Independent school in London

Hereward House School (/hɛrɪ'wəd hɑ:ʊs/), also known as HHS, is an Independent Association of Prep Schools (IAPS) private preparatory school for boys aged 4 to 13, located in Hampstead, London on 14 Strathray Gardens, near Swiss Cottage and Finchley Road. It prepares boys for London day schools as well as London boarding schools (including City of London, Westminster, Mill Hill and Highgate).

==History==
The school was founded in 1951 by Lionel and Mary (Bella) Brewester. It originally had six pupils, and was based Belsize Avenue. This number slowly increased until they moved to their current site (14 Strathray Gardens) in the 1960s. Today, the school teaches 171 pupils every day and employs 35 staff, 27 of whom are teaching staff. Pupils usually join the school from Transition to Year 1, but sometimes join in higher years. The school is split up into three main sections, the Junior School consists of Transition, Year 1 and Year 2, the Middle School consists of Years 3, 4 and the Senior School, which consists of Year 6, CE2 (Year 7) and CE1 (Year 8).

==Operation==
The school was named after the eleventh-century rebel leader, Hereward the Wake. All four school houses, one of which each boy is allocated to, are named after ethnic groups from his time period: the Angles, Danes, Normans and Saxons As is customary in most preparatory schools, competition exists between the houses, in sports and academic life.

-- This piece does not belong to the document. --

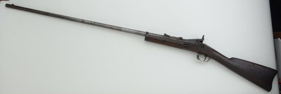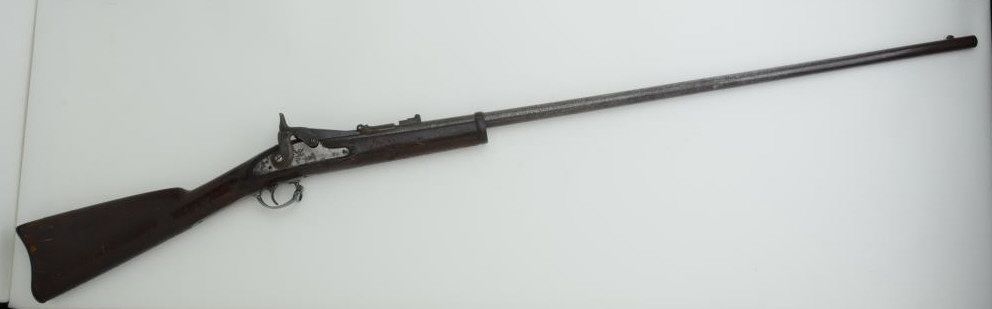 U.S. Springfield Allin-type conversion rifle, .50 cal., 36-1/2” barrel, wood stock cut down to back barrel band, #NVSN. This gun is in overall fair condition as modified, trapdoor is dated 1866 with eagle head proof, good action, fair bore, well-worn wood stock. From an old estate. Est.: $150-$300.

All boys of all ages have to wear the school uniform, which is composed of mostly grey and black clothing, accompanied by the distinctive white and blue striped tie, and the fleur-de-lis embroidered blazer. This uniform differentiates the pupils from those of the other preparatory schools in the area.

===Sports===
Hereward House specializes especially in football, which is played in the winter months, and cricket, which is played in the summer. In football, Hereward House competes against other schools, including Highgate, UCS and City of London.
Both cricket and football are played at Hampstead Heath Extension and Brondesbury Cricket Grounds, with football being played at Swiss Cottage Astro-Turf every week.

There are also inter-house competitions in the two sports, with the four houses competing against each other for inter-house glory. Cross country races are held at the Hampstead Heath Extension. The Hereward House Inter-School Cross-Country is an event in March at Hampstead Heath Extension. Schools are invited from across London to compete for titles in under-eleven and under-thirteen races.